§ **Prompt**
An exact copy of the listing below is the answer, with the pictures removed.

§ **Given data**
* * * * * * * * *

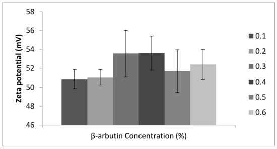 The zeta potential is an important parameter used to characterize the stability of dispersion systems [26]. The zeta potential describes the electrokinetic potential of particles within colloidal systems and is defined as the potential difference between the shear location, corresponding to the surface of a tightly bound surface layer, and bulk solution [27]. As the zeta potential approaches 0 mV, inter-particulate repulsion reduces, and so a dispersion becomes less stable since particles are better able to approach one another to interact and form aggregates, a sign of lower dispersion stability [4,14]. A flocculated dispersion, consisting of loose aggregates, will typically have a zeta potential within the range of −20 to +20 mV. Thus, increasing the zeta potential beyond this will improve overall dispersion stability against aggregation [27]. In summary, greater repulsive forces between particles prevents aggregation and improves dispersion stability [31,32]. The zeta potentials (Figure 3) of the β-arbutin CSNPs remain within acceptable limits, which contribute to overall stability.
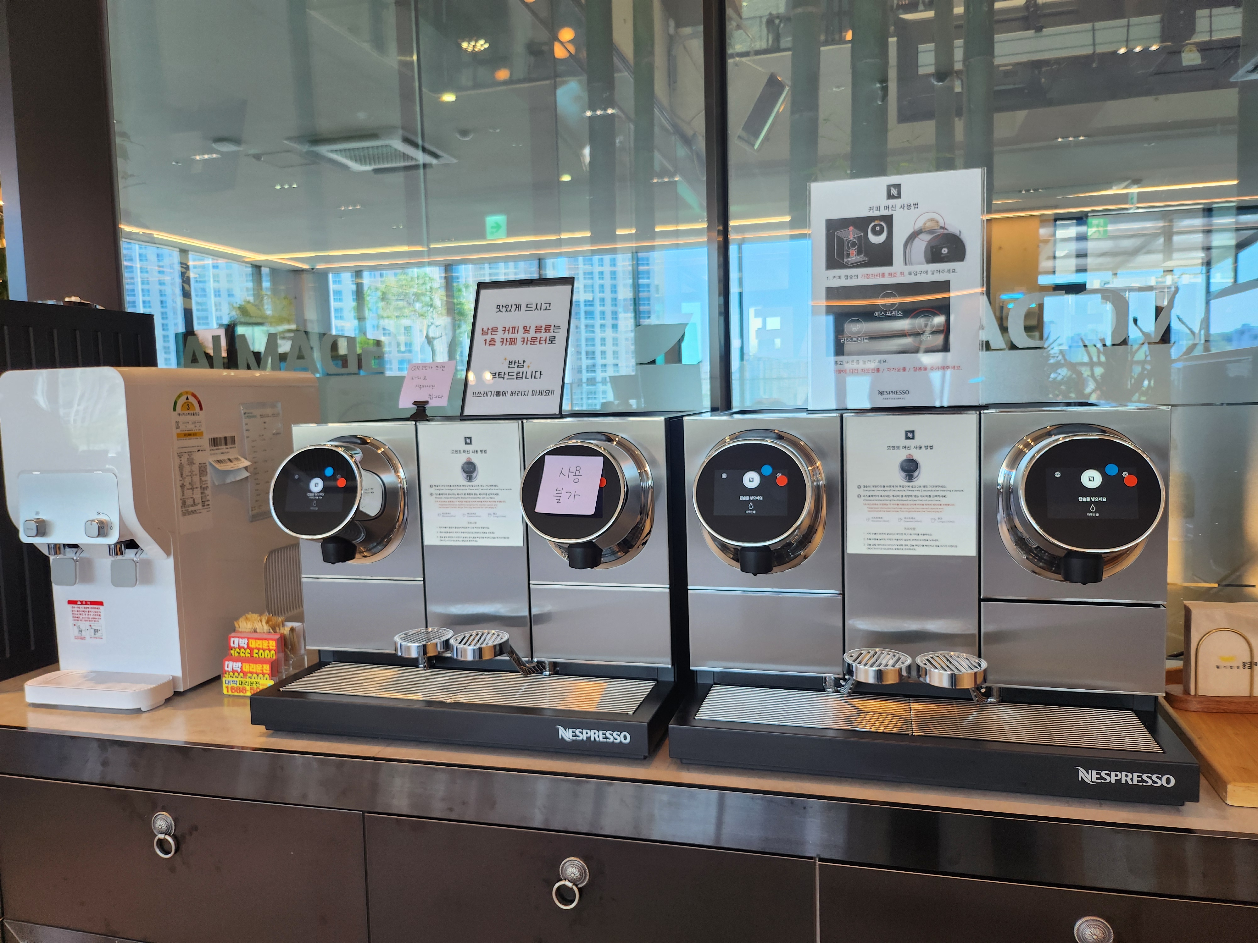 여기는 캡슐 커피를 내려서 먹을 수 있어요. 식사 후에 1층에서 캡슐을 받아오면 맛있는 커피를 마실 수 있어요. 냉커피도 가능해요.
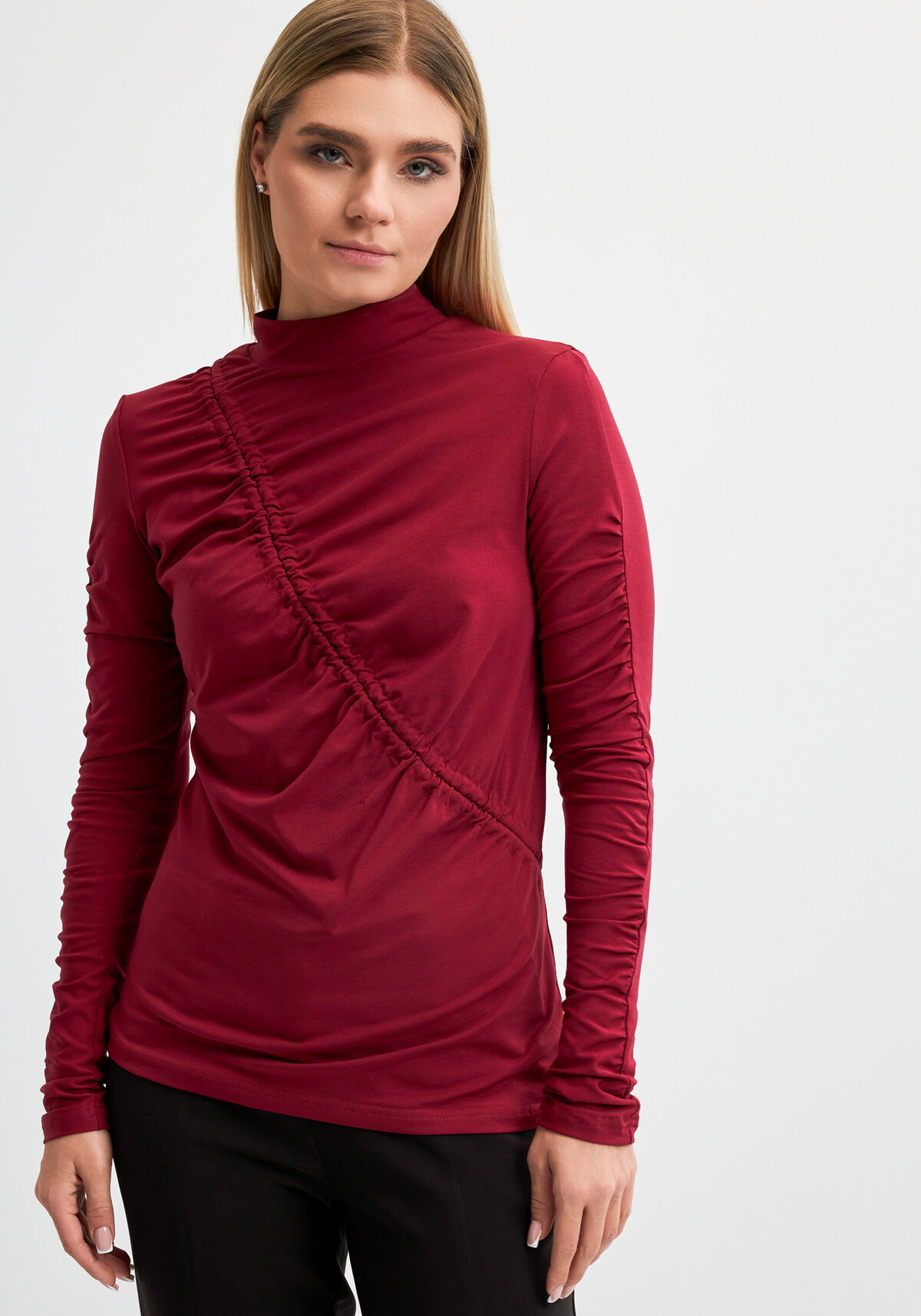 Водолазка прилегающего силуэта, длиной выше линии бедра. Кулиска, расположена на полочке, выходит из левого плечевого шва и уходит в правый боковой шов. В кулисе вставлен шнур и закреплен в швах, образовывая равномерную сборку по полочке. Воротник-стойка, рукав втачной двушовный. По верхнему рукаву шва — сборка.
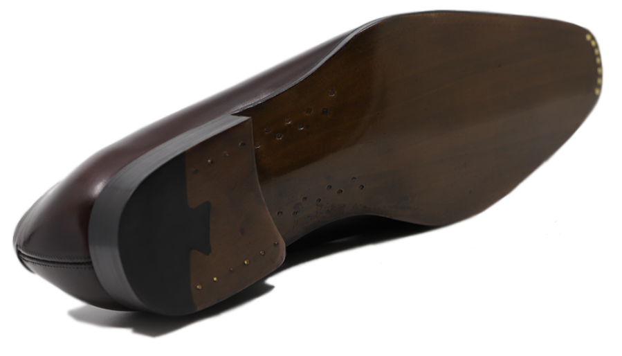 Démonstration du savoir-faire de la Maison, le travail de semelle en est aussi sa signature. Celle-ci est sous gravure fermée, protégeant ainsi la couture petit point de l’usure des premiers ports. Sous la voute plantaire se trouve un cambrion métallique mis en relief par un double chevillage bois, technique inspirée des bottiers et rare dans le prêt-à-chausser.

* * * * * * * * *

§ **Response to the exercise**
 The zeta potential is an important parameter used to characterize the stability of dispersion systems [26]. The zeta potential describes the electrokinetic potential of particles within colloidal systems and is defined as the potential difference between the shear location, corresponding to the surface of a tightly bound surface layer, and bulk solution [27]. As the zeta potential approaches 0 mV, inter-particulate repulsion reduces, and so a dispersion becomes less stable since particles are better able to approach one another to interact and form aggregates, a sign of lower dispersion stability [4,14]. A flocculated dispersion, consisting of loose aggregates, will typically have a zeta potential within the range of −20 to +20 mV. Thus, increasing the zeta potential beyond this will improve overall dispersion stability against aggregation [27]. In summary, greater repulsive forces between particles prevents aggregation and improves dispersion stability [31,32]. The zeta potentials (Figure 3) of the β-arbutin CSNPs remain within acceptable limits, which contribute to overall stability.
 여기는 캡슐 커피를 내려서 먹을 수 있어요. 식사 후에 1층에서 캡슐을 받아오면 맛있는 커피를 마실 수 있어요. 냉커피도 가능해요.
 Водолазка прилегающего силуэта, длиной выше линии бедра. Кулиска, расположена на полочке, выходит из левого плечевого шва и уходит в правый боковой шов. В кулисе вставлен шнур и закреплен в швах, образовывая равномерную сборку по полочке. Воротник-стойка, рукав втачной двушовный. По верхнему рукаву шва — сборка.
 Démonstration du savoir-faire de la Maison, le travail de semelle en est aussi sa signature. Celle-ci est sous gravure fermée, protégeant ainsi la couture petit point de l’usure des premiers ports. Sous la voute plantaire se trouve un cambrion métallique mis en relief par un double chevillage bois, technique inspirée des bottiers et rare dans le prêt-à-chausser.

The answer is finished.